TASK REQUIREMENTS :: Return exactly, please, the lines from the one containing "Soporte de móvil" to the last line of the entries below, and nothing else, leaving pictures out.

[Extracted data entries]
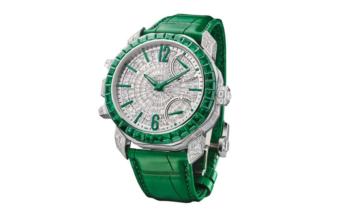 Cuando la joyería y la alta relojería de Bulgari se encuentran. Octo Roma Emerald Grande Sonnerie proclama el cénit de la mecánica de la firma italiana.
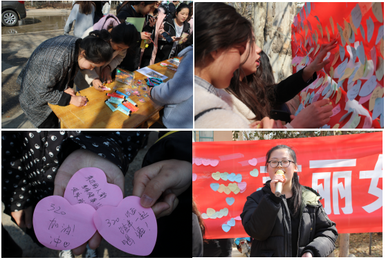在“写出心中愿望与理想”部分活动的准备中,女生将自己的小小心愿、理想或者自己对未来的规划写在便签纸上,贴在“心愿板”上。有的是“希望将来能考上自己理想的学校读研”,有的是“希望自己将来创业成功”,还有的是“希望能交到新朋友”等等一系列各式各样的心愿。来往的同学们在路过心愿板的时候都会驻足停留一番,仔细观看,写下自己内心的心愿,留下了一路的欢声笑语。来往同学自发为女生节献唱。一时间,心愿板上各种各样的心愿都如雨后春笋般冒了出来,也成为春日里诺大的一道明媚的风景线。
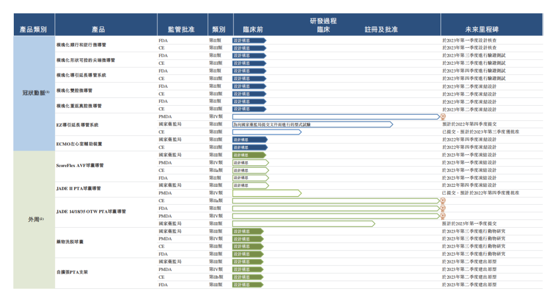 业聚医疗的多元化产品组合涵盖了PCI手术及PTA手术中的所有主要治疗过程。截至2022年上半年结束,业聚医疗共有逾40种获批产品,分别包括25款获日本厚生劳动省批准的产品(均分类为IV类)、22款获欧盟CE标志产品(4款分类为IIa类及18款分类为III类)、14款获美国FDA许可或批准产品(13款分类为II类及1款分类为III类)及15款获中国国家药监局批准产品(均分类为III类)。
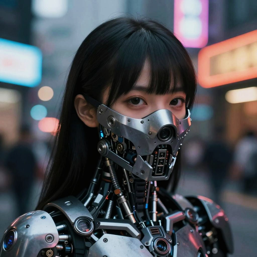 (photorealistic:1.4), (best quality:1.0), (ultra highres:1.0), 8k, RAW photo, (masterpiece:0.2), upper body, mask, mechanical parts, cybernetic, 1girl, asian, black eyes, black hair, (long hair:1.2) with bangs, (cyberpunk street:1.2), neon lights
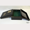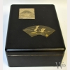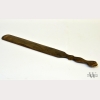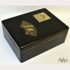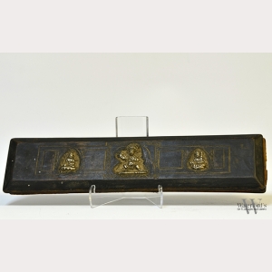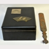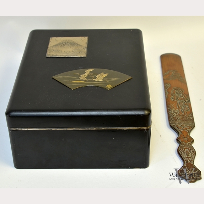 A Japanese Lacquered Box and Carved Page Turner, the lacquered box set with two carved metal plaques to the top, the interior with two trays, the page turner carved and with inscription, the box with wear, damage to metal rims, the page turner clipped at the handle, with wear throughout, the box appx. 9 in. W, 11 3/4 in. D, 4 1/2 in. H.
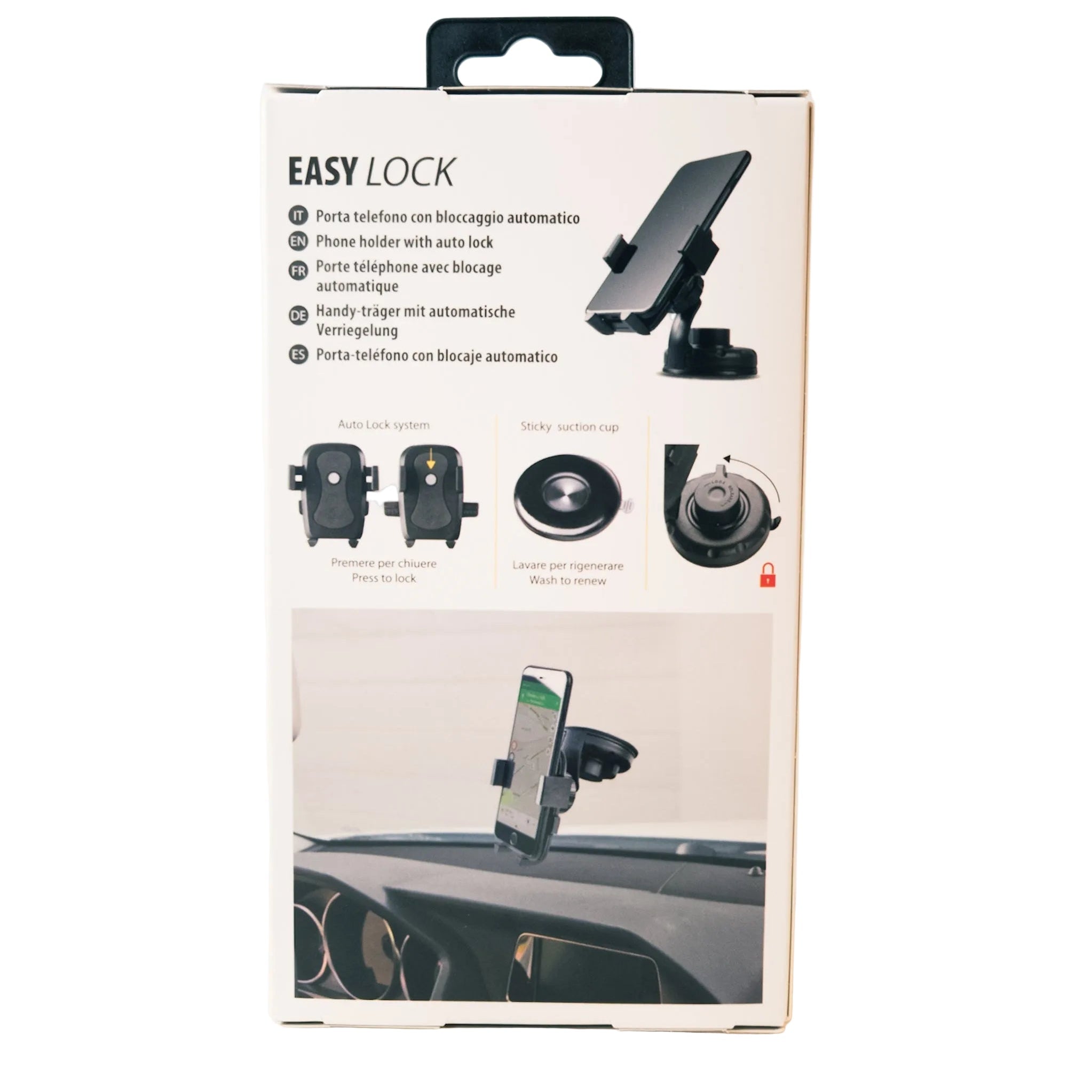 Soporte de móvil para coche con cierre automático Easy-Lock y ventosa adhesiva. Ajustable en ángulo, compatible con la mayoría de smartphones. Ideal para navegación y llamadas seguras en el coche.
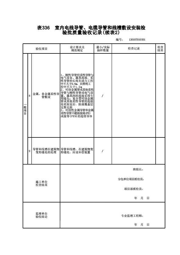 表格名称:130107010501 室内电线导管、电缆导管和线槽敷设安装检验批质量验收记录
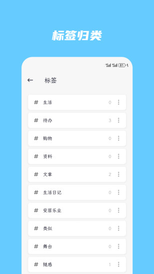 “便签”一款记事、便签、计划任务、写日记、写小说、记录灵感的备忘录载体。该软件可以自动同步云端存储,多重数据防护,让备忘录更加安全可靠。无论你是白领、作家、销售、宝妈等都可以满足您的记事、记账、备忘提醒、代办事项、笔记、记录会议、写小说、便签,还可以随手记录您的生活点点滴滴。 【功能】 强大的记录功能 • 新建笔记,记录你的工作生活点点滴滴。 • 数据加密访问,设置必要数据安全密码。 • 多样式分类管理,让你的笔记更加直观明了,外加收藏功能,重要信息一眼展示。 • 富文本编辑器内置丰富文本样式,如标题或正文、项目符号列表、字体样式等。 • 快速搜索,更好查找笔记内容。 • 数据多重保护,历史版本数据实时回滚,轻松定位某个时间笔记内容。 • 数据、图片云端同步保存,避免切换设置,数据无法同步问题。 • 高效任务管理,更好管理您的时间。
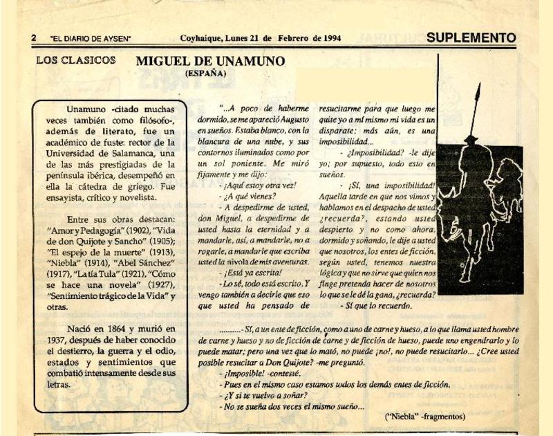 Unamuno quijotista [artículo] Darío de la Fuente.
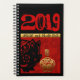 En un cuadrado hay dos cerdos: uno (estilo chino de papeleo negro) parece salirse con una forma de papeleo dorado (dentro está el segundo cerdo con el símbolo chino). Detrás de ellos hay un fondo rojo formado por grandes letras decorativas y ornamentadas con las palabras: "Año del cerdo" y en la parte superior "Año del cerdo" + gran 2019. Diseño en planner espiral con fondo negro. Puede cambiar fácilmente el año (fuente, color, tamaño y posición) haciendo clic en el botón personalizar. Productos de oficina, productos para el hogar, tarjetas de felicitación, postales, productos artesanales y más. Perfecto para el Año Nuevo Chino 2019 del Cerdo o cumpleaños (personas nacidas en el año del Cerdo).
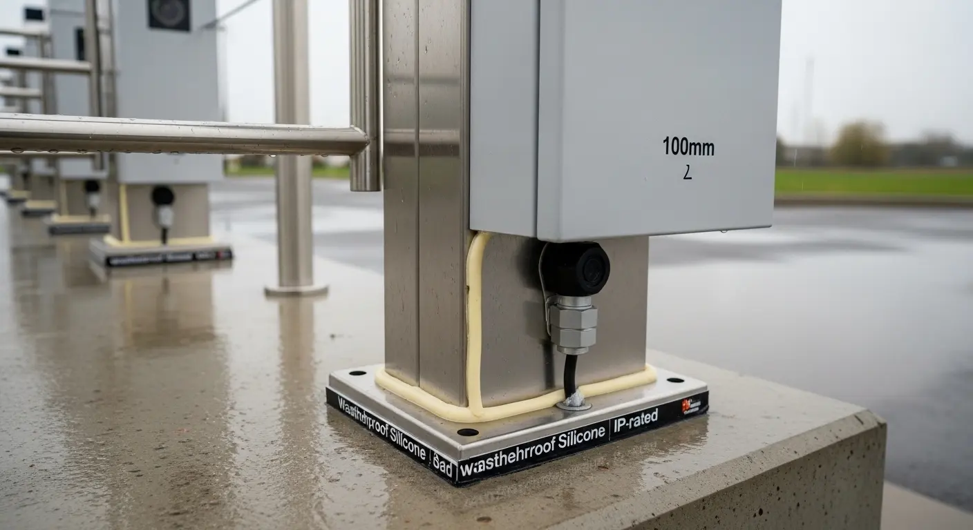 Scellez tout le périmètre de la bride de la base de l’armoire au socle en béton avec du silicone imperméable — les quatre côtés, Appliqué en continu. Tout espace permet la réabsorption de l’eau sous l’action capillaire, contourner complètement le sceau IP par en dessous.
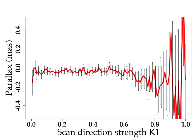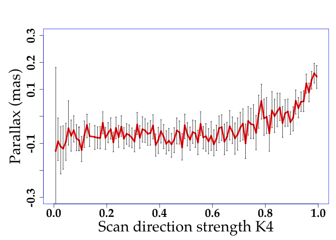 Median quasar parallaxes (mas) vs. scan direction strength K1 (left) and K4 (right).

RESULT OF THE EXERCISE ::
 Soporte de móvil para coche con cierre automático Easy-Lock y ventosa adhesiva. Ajustable en ángulo, compatible con la mayoría de smartphones. Ideal para navegación y llamadas seguras en el coche.
 表格名称:130107010501 室内电线导管、电缆导管和线槽敷设安装检验批质量验收记录
 “便签”一款记事、便签、计划任务、写日记、写小说、记录灵感的备忘录载体。该软件可以自动同步云端存储,多重数据防护,让备忘录更加安全可靠。无论你是白领、作家、销售、宝妈等都可以满足您的记事、记账、备忘提醒、代办事项、笔记、记录会议、写小说、便签,还可以随手记录您的生活点点滴滴。 【功能】 强大的记录功能 • 新建笔记,记录你的工作生活点点滴滴。 • 数据加密访问,设置必要数据安全密码。 • 多样式分类管理,让你的笔记更加直观明了,外加收藏功能,重要信息一眼展示。 • 富文本编辑器内置丰富文本样式,如标题或正文、项目符号列表、字体样式等。 • 快速搜索,更好查找笔记内容。 • 数据多重保护,历史版本数据实时回滚,轻松定位某个时间笔记内容。 • 数据、图片云端同步保存,避免切换设置,数据无法同步问题。 • 高效任务管理,更好管理您的时间。
 Unamuno quijotista [artículo] Darío de la Fuente.
 En un cuadrado hay dos cerdos: uno (estilo chino de papeleo negro) parece salirse con una forma de papeleo dorado (dentro está el segundo cerdo con el símbolo chino). Detrás de ellos hay un fondo rojo formado por grandes letras decorativas y ornamentadas con las palabras: "Año del cerdo" y en la parte superior "Año del cerdo" + gran 2019. Diseño en planner espiral con fondo negro. Puede cambiar fácilmente el año (fuente, color, tamaño y posición) haciendo clic en el botón personalizar. Productos de oficina, productos para el hogar, tarjetas de felicitación, postales, productos artesanales y más. Perfecto para el Año Nuevo Chino 2019 del Cerdo o cumpleaños (personas nacidas en el año del Cerdo).
 Scellez tout le périmètre de la bride de la base de l’armoire au socle en béton avec du silicone imperméable — les quatre côtés, Appliqué en continu. Tout espace permet la réabsorption de l’eau sous l’action capillaire, contourner complètement le sceau IP par en dessous.
 Median quasar parallaxes (mas) vs. scan direction strength K1 (left) and K4 (right).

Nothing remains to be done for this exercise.